◆ PROVIDED RECORDS
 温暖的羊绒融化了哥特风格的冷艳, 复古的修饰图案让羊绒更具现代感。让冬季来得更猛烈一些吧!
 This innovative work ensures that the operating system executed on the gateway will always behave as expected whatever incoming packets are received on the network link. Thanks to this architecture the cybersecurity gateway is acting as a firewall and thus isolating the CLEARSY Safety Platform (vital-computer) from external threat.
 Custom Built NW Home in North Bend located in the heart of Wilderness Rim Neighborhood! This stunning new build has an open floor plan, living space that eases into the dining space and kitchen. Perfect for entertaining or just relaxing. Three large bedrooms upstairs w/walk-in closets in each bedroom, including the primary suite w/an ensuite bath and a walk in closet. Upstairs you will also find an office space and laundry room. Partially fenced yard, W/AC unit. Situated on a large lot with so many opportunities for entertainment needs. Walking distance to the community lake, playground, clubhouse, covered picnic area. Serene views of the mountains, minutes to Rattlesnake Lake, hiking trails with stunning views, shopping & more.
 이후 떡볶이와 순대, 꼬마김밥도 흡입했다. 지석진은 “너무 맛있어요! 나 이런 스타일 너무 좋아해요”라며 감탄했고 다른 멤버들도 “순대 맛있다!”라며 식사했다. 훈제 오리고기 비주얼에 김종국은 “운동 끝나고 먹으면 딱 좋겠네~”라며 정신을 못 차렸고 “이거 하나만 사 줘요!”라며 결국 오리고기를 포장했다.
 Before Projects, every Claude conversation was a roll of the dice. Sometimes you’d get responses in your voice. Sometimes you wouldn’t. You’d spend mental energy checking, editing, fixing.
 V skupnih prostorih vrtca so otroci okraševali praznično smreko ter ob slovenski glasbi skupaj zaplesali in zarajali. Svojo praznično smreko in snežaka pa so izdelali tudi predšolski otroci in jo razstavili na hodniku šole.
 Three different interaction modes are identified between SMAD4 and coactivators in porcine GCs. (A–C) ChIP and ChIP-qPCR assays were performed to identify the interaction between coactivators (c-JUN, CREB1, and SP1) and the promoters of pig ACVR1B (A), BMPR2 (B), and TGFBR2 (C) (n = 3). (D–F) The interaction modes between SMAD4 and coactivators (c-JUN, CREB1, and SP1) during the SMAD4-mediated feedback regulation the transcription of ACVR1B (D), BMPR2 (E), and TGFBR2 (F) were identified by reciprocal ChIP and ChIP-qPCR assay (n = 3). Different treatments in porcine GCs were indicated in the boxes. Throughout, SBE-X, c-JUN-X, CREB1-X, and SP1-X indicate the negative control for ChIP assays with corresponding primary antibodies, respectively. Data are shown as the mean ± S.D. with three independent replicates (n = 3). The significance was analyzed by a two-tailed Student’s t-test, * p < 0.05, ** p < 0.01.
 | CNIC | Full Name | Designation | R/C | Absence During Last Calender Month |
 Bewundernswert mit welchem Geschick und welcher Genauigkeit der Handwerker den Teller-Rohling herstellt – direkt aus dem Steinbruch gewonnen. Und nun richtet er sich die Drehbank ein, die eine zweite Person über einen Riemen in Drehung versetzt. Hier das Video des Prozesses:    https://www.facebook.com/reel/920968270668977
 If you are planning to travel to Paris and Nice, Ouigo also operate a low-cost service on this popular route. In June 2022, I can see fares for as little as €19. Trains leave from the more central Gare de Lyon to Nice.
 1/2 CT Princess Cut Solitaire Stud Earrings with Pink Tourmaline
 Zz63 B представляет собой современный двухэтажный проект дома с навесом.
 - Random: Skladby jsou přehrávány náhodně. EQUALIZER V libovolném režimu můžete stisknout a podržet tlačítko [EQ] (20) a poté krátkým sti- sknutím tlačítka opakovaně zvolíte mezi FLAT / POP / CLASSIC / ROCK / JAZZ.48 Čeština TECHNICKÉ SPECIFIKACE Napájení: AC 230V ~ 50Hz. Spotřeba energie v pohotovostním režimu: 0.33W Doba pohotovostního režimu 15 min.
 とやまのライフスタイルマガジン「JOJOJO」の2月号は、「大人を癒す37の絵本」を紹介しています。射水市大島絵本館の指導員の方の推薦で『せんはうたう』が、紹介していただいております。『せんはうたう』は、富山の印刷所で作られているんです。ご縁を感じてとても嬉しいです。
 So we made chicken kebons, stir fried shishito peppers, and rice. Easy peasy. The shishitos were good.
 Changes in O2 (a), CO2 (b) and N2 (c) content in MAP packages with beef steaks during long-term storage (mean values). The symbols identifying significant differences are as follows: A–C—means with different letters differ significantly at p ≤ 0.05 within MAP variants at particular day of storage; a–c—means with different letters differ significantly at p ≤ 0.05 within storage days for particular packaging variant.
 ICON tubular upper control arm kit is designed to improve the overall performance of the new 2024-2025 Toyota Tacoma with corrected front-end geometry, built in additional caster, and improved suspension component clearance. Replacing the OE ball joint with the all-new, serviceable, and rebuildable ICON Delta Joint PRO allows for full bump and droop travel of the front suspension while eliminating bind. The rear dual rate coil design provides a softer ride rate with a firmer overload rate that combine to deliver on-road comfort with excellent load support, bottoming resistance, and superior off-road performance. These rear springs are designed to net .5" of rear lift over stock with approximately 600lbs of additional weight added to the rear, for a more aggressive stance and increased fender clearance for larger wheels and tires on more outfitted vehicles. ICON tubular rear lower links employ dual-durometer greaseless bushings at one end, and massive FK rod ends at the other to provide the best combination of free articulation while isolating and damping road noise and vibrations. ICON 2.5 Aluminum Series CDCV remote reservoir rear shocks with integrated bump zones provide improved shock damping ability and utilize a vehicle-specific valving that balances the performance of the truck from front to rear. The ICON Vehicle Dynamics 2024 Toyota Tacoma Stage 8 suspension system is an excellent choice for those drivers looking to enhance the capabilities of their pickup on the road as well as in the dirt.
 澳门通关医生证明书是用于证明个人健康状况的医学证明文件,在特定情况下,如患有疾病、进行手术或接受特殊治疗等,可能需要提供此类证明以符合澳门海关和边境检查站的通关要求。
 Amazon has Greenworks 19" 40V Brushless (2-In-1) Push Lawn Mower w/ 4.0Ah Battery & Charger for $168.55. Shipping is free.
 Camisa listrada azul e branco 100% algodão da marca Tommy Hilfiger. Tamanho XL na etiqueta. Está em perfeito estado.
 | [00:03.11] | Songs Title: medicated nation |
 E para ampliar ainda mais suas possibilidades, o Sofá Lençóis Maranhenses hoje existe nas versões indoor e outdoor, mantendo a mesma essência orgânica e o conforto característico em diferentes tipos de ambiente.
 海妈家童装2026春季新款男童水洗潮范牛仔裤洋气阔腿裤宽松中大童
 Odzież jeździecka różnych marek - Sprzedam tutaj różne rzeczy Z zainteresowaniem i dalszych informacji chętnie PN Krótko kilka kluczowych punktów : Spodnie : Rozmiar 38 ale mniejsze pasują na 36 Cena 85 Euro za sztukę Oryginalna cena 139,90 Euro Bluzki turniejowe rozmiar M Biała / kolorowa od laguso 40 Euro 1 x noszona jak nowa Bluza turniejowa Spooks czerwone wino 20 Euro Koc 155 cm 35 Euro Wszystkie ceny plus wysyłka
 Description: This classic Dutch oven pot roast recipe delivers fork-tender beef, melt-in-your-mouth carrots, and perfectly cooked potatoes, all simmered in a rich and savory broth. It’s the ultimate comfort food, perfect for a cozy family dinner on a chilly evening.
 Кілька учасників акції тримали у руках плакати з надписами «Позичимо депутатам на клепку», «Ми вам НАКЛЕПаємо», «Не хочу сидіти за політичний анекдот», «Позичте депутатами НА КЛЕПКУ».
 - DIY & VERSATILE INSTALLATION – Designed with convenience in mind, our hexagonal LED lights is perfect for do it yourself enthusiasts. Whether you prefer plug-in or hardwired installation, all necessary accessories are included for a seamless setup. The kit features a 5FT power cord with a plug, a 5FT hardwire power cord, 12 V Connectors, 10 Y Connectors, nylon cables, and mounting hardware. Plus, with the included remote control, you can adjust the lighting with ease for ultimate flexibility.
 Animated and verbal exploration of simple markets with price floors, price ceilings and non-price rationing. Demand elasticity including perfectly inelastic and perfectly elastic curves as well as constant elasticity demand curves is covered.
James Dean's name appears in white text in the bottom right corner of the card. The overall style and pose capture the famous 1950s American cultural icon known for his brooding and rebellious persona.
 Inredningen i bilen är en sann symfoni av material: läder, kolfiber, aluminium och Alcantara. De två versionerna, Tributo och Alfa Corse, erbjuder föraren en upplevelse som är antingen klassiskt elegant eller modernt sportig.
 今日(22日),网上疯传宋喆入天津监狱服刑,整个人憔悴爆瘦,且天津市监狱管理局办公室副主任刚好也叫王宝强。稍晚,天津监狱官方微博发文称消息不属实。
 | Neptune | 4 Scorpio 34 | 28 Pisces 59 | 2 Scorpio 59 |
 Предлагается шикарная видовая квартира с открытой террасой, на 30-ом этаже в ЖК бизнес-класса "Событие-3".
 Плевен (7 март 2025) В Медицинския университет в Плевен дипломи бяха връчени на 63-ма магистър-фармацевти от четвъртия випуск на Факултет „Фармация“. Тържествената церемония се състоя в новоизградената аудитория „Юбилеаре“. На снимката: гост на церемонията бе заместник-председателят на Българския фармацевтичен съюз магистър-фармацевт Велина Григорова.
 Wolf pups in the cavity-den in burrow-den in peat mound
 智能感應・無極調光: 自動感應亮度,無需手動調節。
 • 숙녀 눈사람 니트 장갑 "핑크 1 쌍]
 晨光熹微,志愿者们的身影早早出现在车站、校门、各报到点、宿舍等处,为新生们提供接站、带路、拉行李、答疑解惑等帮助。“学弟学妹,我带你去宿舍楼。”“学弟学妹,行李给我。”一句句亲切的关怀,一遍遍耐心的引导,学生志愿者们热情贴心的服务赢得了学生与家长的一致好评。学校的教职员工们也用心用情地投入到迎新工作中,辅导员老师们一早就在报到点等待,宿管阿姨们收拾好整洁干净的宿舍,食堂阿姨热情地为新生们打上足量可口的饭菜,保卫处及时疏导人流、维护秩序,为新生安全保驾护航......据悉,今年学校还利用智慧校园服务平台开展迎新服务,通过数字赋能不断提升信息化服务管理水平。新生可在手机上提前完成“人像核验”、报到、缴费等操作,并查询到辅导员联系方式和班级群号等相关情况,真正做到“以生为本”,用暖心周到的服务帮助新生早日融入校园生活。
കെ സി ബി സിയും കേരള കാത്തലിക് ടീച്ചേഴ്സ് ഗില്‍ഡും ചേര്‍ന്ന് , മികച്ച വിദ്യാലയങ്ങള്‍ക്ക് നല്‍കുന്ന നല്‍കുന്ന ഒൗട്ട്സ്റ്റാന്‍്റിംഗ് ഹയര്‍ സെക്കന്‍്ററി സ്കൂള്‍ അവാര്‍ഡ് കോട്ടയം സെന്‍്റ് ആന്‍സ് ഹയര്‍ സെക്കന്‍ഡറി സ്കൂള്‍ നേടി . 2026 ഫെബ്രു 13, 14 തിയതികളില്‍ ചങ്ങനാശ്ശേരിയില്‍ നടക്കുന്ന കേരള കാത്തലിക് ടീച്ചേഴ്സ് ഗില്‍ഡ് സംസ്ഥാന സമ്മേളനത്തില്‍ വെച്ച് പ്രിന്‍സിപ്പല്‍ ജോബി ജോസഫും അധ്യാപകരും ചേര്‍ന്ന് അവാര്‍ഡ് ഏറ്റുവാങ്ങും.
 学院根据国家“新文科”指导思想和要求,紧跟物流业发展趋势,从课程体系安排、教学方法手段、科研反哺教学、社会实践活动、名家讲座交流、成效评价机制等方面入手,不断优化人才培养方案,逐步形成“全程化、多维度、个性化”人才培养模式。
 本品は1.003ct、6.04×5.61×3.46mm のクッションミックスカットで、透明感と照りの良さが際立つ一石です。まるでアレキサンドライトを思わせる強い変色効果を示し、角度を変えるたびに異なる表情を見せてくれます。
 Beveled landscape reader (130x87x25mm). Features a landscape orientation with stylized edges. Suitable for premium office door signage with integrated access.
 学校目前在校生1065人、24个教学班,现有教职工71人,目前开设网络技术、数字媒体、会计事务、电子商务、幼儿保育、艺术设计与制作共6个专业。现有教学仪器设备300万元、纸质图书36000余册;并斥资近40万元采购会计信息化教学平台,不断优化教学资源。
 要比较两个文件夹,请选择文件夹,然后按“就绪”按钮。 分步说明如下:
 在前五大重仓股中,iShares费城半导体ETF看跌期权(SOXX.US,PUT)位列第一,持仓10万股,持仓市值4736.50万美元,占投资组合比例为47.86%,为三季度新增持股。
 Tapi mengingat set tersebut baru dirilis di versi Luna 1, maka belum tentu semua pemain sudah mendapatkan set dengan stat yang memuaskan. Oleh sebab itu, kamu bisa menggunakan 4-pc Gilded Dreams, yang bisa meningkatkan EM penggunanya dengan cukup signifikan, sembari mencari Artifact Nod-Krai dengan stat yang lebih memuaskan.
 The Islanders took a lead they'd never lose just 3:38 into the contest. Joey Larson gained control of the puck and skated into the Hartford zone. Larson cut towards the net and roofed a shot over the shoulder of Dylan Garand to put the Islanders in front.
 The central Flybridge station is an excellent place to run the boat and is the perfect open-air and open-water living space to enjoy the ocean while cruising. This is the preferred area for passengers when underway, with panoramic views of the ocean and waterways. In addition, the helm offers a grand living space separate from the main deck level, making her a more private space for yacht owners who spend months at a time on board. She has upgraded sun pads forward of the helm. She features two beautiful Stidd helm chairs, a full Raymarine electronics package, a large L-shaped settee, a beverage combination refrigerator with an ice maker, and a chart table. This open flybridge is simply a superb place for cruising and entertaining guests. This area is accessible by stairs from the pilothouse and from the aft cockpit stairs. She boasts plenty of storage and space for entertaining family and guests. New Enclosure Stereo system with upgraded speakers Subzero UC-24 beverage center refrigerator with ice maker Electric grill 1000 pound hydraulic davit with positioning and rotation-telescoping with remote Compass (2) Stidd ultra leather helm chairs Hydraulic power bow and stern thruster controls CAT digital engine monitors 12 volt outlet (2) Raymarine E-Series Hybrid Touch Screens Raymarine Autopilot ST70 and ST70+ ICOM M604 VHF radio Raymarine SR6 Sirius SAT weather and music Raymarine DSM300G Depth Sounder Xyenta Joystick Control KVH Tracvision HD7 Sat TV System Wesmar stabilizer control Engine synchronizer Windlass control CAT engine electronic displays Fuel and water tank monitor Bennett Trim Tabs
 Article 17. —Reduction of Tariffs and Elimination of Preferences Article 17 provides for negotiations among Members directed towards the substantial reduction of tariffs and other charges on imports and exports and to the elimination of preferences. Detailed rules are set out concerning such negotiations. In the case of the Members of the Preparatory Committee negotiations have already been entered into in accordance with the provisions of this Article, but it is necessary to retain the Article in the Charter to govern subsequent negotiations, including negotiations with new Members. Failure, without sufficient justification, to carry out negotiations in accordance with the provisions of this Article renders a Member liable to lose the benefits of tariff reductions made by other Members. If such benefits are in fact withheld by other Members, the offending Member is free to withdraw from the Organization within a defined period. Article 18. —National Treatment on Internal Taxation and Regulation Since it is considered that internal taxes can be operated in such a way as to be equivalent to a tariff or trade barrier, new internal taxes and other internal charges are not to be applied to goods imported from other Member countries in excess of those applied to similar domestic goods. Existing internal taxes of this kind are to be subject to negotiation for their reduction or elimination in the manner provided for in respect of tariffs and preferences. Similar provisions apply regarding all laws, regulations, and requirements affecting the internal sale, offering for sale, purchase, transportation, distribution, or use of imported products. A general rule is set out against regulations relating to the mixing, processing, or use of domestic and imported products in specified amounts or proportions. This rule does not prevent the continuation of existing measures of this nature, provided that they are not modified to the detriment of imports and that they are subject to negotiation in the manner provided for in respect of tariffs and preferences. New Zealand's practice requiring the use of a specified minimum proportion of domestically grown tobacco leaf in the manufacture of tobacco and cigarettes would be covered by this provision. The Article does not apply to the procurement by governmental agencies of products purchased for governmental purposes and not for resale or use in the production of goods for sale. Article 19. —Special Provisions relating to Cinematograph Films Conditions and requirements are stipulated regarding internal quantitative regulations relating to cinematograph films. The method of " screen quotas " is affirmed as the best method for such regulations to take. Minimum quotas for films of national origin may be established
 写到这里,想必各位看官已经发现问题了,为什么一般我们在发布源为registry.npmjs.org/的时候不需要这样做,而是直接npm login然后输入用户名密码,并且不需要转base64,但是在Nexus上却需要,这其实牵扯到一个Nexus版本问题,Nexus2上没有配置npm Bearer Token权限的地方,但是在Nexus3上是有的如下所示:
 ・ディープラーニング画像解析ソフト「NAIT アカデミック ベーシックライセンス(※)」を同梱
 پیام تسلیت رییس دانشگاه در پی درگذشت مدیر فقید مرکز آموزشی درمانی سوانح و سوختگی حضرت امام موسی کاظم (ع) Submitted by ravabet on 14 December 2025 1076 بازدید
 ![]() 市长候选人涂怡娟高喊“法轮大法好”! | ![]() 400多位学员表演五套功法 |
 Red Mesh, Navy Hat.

◆ WORK REQUIRED
Reproduce exactly, and only, the part of the listing above that begins at the line with "Zz63 B представляет" and goes on through the line with "- Random: Skladby".

◆ ANSWER SECTION
 Zz63 B представляет собой современный двухэтажный проект дома с навесом.
 - Random: Skladby jsou přehrávány náhodně. EQUALIZER V libovolném režimu můžete stisknout a podržet tlačítko [EQ] (20) a poté krátkým sti- sknutím tlačítka opakovaně zvolíte mezi FLAT / POP / CLASSIC / ROCK / JAZZ.48 Čeština TECHNICKÉ SPECIFIKACE Napájení: AC 230V ~ 50Hz. Spotřeba energie v pohotovostním režimu: 0.33W Doba pohotovostního režimu 15 min.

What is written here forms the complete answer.